Una vez recalcando un carro de paja me caí desde la barandilla de pleita y casi me mato, estuve 15 días comiendo sopas porque me dolía toda la cara. Todo era diferente a estos tiempos porque desde que tenías uso de razón si no eras muy perezoso intentabas ayudar en casa en todo para poder tener una vida resuelta.
Aparte de lo que se hacía en casa con doce años fui con mi tía y mi prima a coger uvas o sea a vendimiar a Villarrobledo, mi padre se había ido a Monzón a trabajar, las cosas empezaban a ponerse negras, luego mis padres compraron un chirro suizo, lo estuvimos cuidando hasta que se hizo añojo y lo vendieron y entraron unas pocas perras en casa.

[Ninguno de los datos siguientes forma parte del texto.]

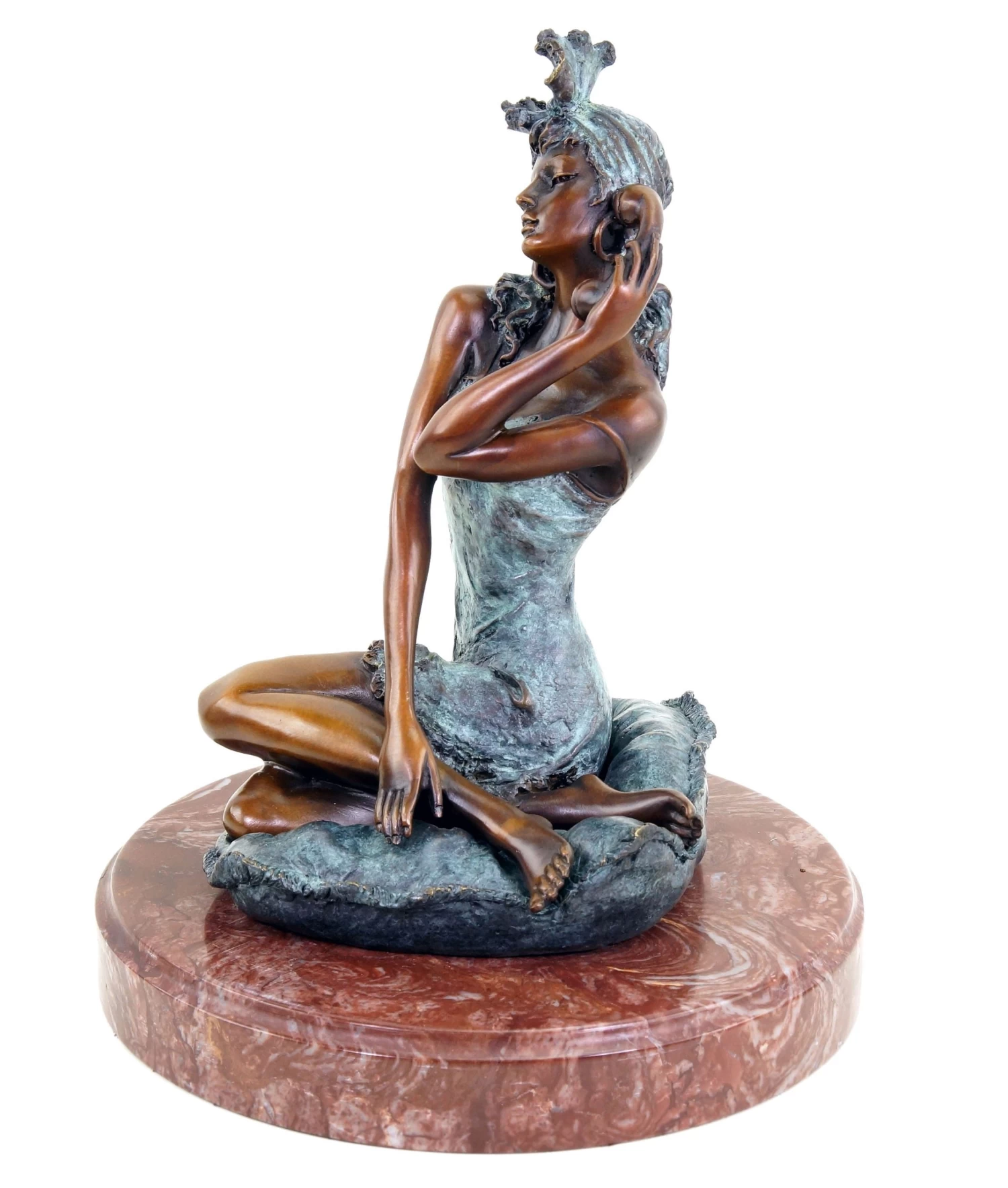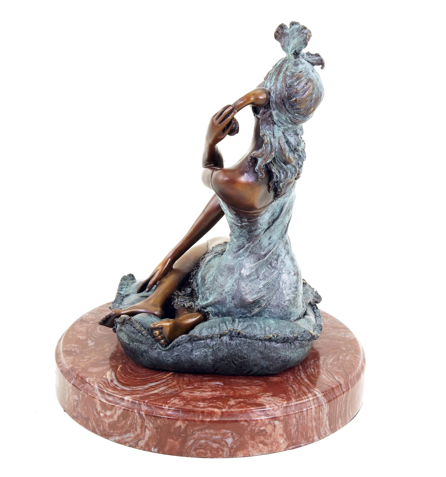 With this erotic nude bronze sculpture of Erotic Girl Sarah on the Phone, the artist Milo sculpts a fascinating snapshot of a scantily clad young woman wearing a tied scarf around her head. This beauty with a wanton look seems to be immersed in her telephone conversation, sitting on a pillow and holding a telephone receiver in one hand. All the various components in this motif are portrayed in an immensely authentic way. Stylistically, this erotic nude is very much reminiscent of the Fifties. The bronze statue is patinated in two colours and placed on a marble base, which bears the signature of the artist. Buy erotic art online at Kunst & Ambiente’s Bronze Shop.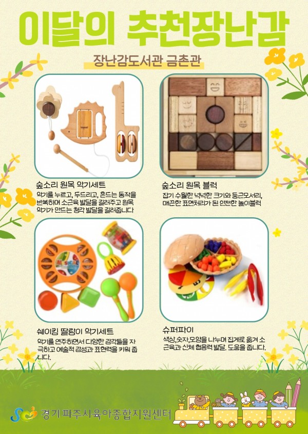 [금촌관] 이달의 추천장난감 - 4월 페이지 정보 작성자 관리자 댓글 0건 조회 4회 작성일 26-04-07 13:49 목록 본문 . 다음글[금촌관] 이달의 추천장난감 - 3월 26.03.12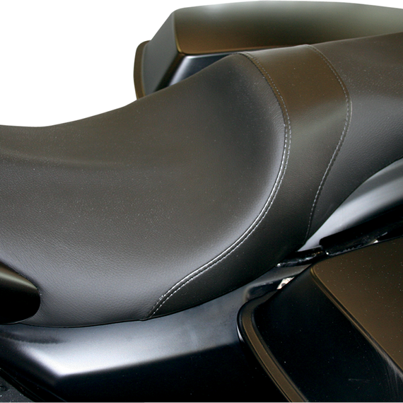 Caracteristicas: The 2-up for daily use Designed with a passenger in mind, this 2-up seat offers the clean looks of a solo with some cushion for a passenger The seat base hugs the frame while maintaining the width of the fender The covers are constructed using high-quality leather inserts and top-grade vinyl sides Made in the U.S.A.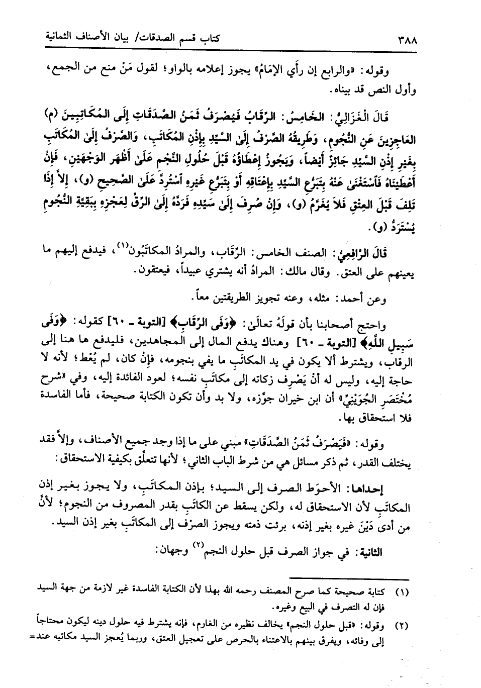 قَالَ الْغَزَالِيُّ: الخَامِسُ: الرِّقَابُ فَيُصْرَفُ ثَمَنُ الصَّدَقَاتِ إِلَى المُكَاتِبِينَ (م) العَاجِزِينَ عَنِ النُّجُومِ، وَطَرِيقُهُ الصَّرْفُ إِلَى السَّيِّدِ بِإذْنِ المُكَاتَبِ، وَالصَّرْفُ إلى المُكَاتَبِ بِغَيْرِ إِذْنِ السَّيِّدِ جَائِزٌ أَيْضاً، وَيجُوزُ إِعْطَاؤُهُ قَبْلَ حُلُولِ النَّجْمِ عَلَى أَظْهَر الوَجْهَيْنِ، فَإِنْ أَعْطَينَاهُ فَاسْتَغنَى عَنْهُ بِتَبَرُّعِ السَّيِّدِ بِإِعْتَاقِهِ أَوْ بِتَبَرُّعِ غَيْرِهِ اسْتُرِدَّ عَلَى الصَّحِيحِ (و)، إِلاَّ إِذَا تَلِفَ قَبلَ العِتْقِ فَلاَ يُغَرَّمُ (و)، وَإِنْ صُرِفَ إِلَى سَيَّدِهِ فَرَدَّهُ إلى الرِّقِّ لِعَجْزِهِ بِبَقِيَّةِ النُّجُومِ يُسْتَرَدُّ (و).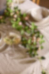 Hengende dekorasjoner med kunstige blomstergirlandere blir ikke bare vakre innslag på festen, men også tidløse elementer i hjemmets interiør.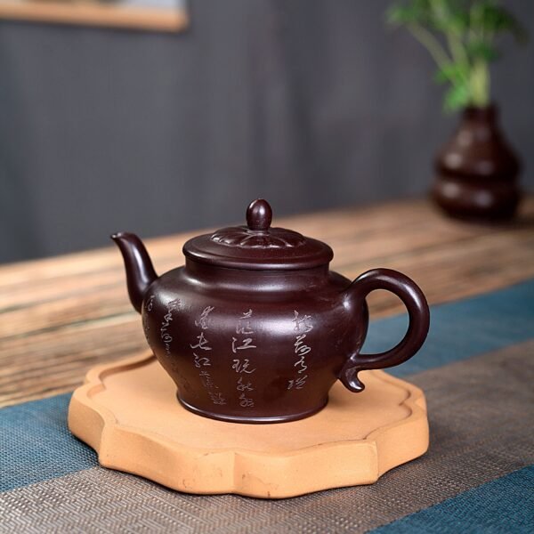 [Size] Total length 16.4 cm Total height 9.4 cm Diameter 5.8 cm [Introduction to the work] The work is profound, elegant, meticulously crafted, complete in form, dignified and stable in shape, coordinated in proportion, rigorous in structure, and moist in clay color. The performance of the craftsmanship is in line with the traditional basic skills of purple clay. The body of the pot has a delicate feel and is comfortable to touch, and the shape is simple and rustic.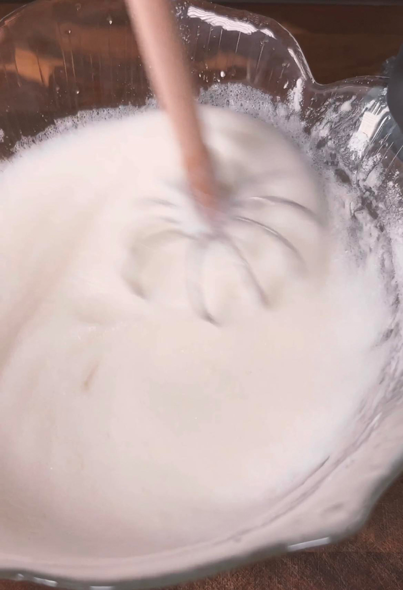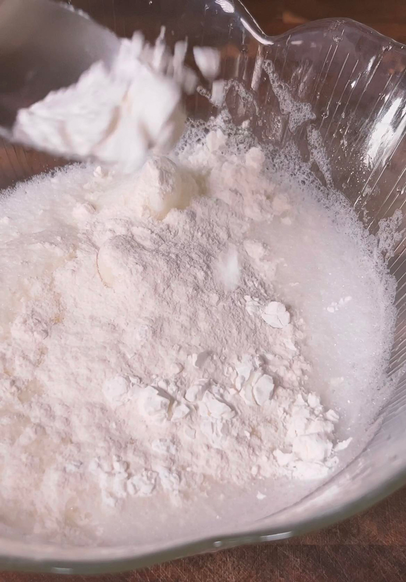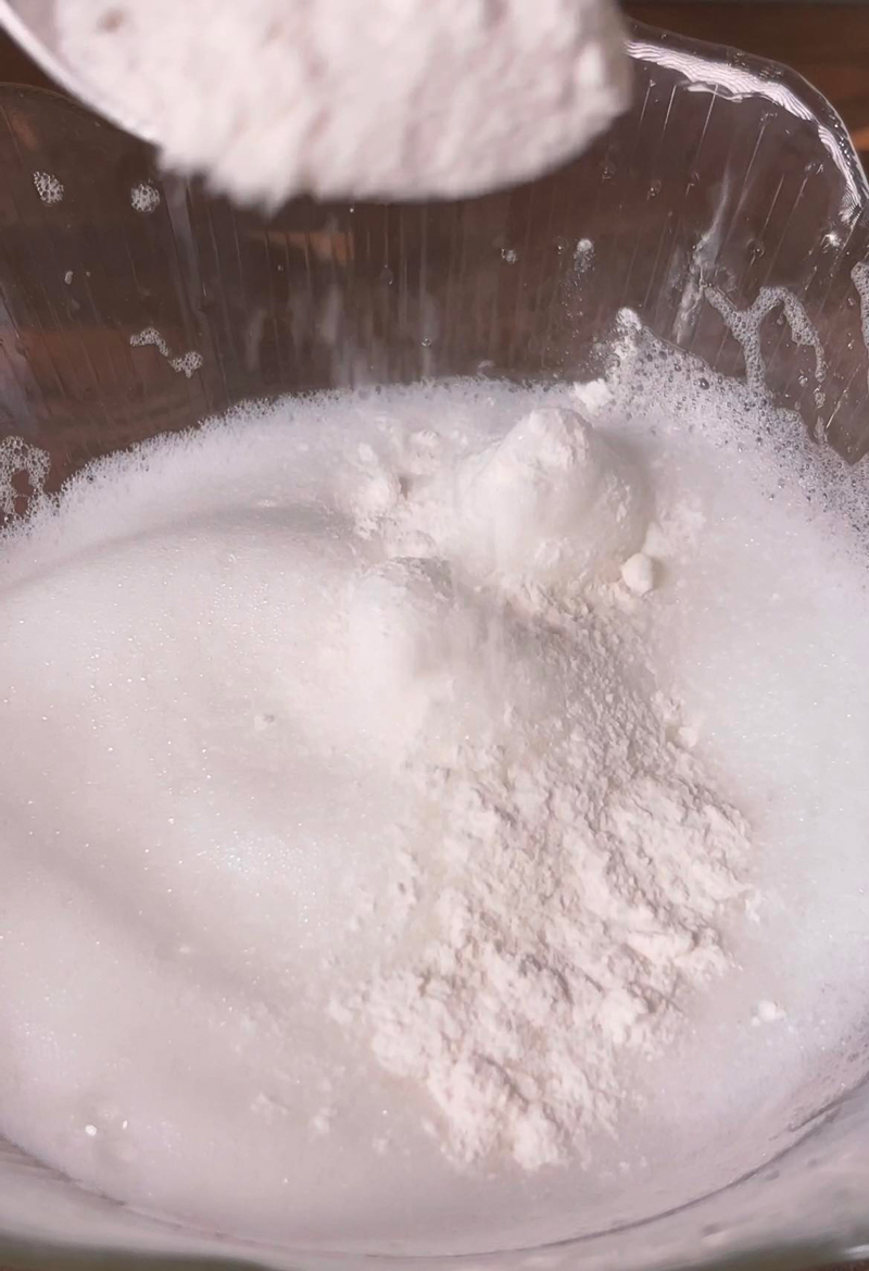 Între timp, într-un bol, adăugăm albușurile de ou, împreună cu sarea si amestecăm bine până când albușurile s-au transformat în spumă, adăugăm făina, amidonul și amestecăm până când totul s-a încorporat bine.

Aquel año mi padre con su amigo Rojo compraron las ovejas ( como ya he dicho en otras ocasiones) estuvimos tres meses con ellas y se vendieron luego. Después en Cerro Vico hicimos una temporada cogiendo la cosecha de mies que también lo he dicho antes, luego fui con mi tía y mi prima a coger yeros al Robledo, duro el tema de los yeros que había que arrancarlos con las manos, después ese mismo año otra vez a Villarrobledo a coger uvas, a vendimiar, aquel año fui con mi padre y la casualidad es que a mi padre le dieron trabajo en una bodega que estaba un poco lejos de donde estábamos vendimiando y curiosamente había uno del pueblo con su mujer, era José el hijo de José El Gitano y estuve conviviendo con él y su mujer, durmiendo en la paja en un almacén inmenso donde dormíamos todos los que habíamos ido a vendimiar, yo estaba bajo su tutela porque mi padre se llevaba bien con todo el mundo y José El Gitano era amigo de mi padre también.
Bueno, un máquina, porque aquel mismo año antes de venirme a Barcelona con mi padre fui a coger algodón a Pozo Estrecho en Murcia ( aunque creo que lo del algodón fue el año anterior).
Una cosa: nunca me sentí explotado por mis padres, fuí feliz el tiempo que duró todo aquello y supongo que ahora si se hiciera lo mismo se trataría de explotación cuando lo que yo hacía era lo más normal del mundo para convivir y ser una familia con unos matices de cariño y felicidad.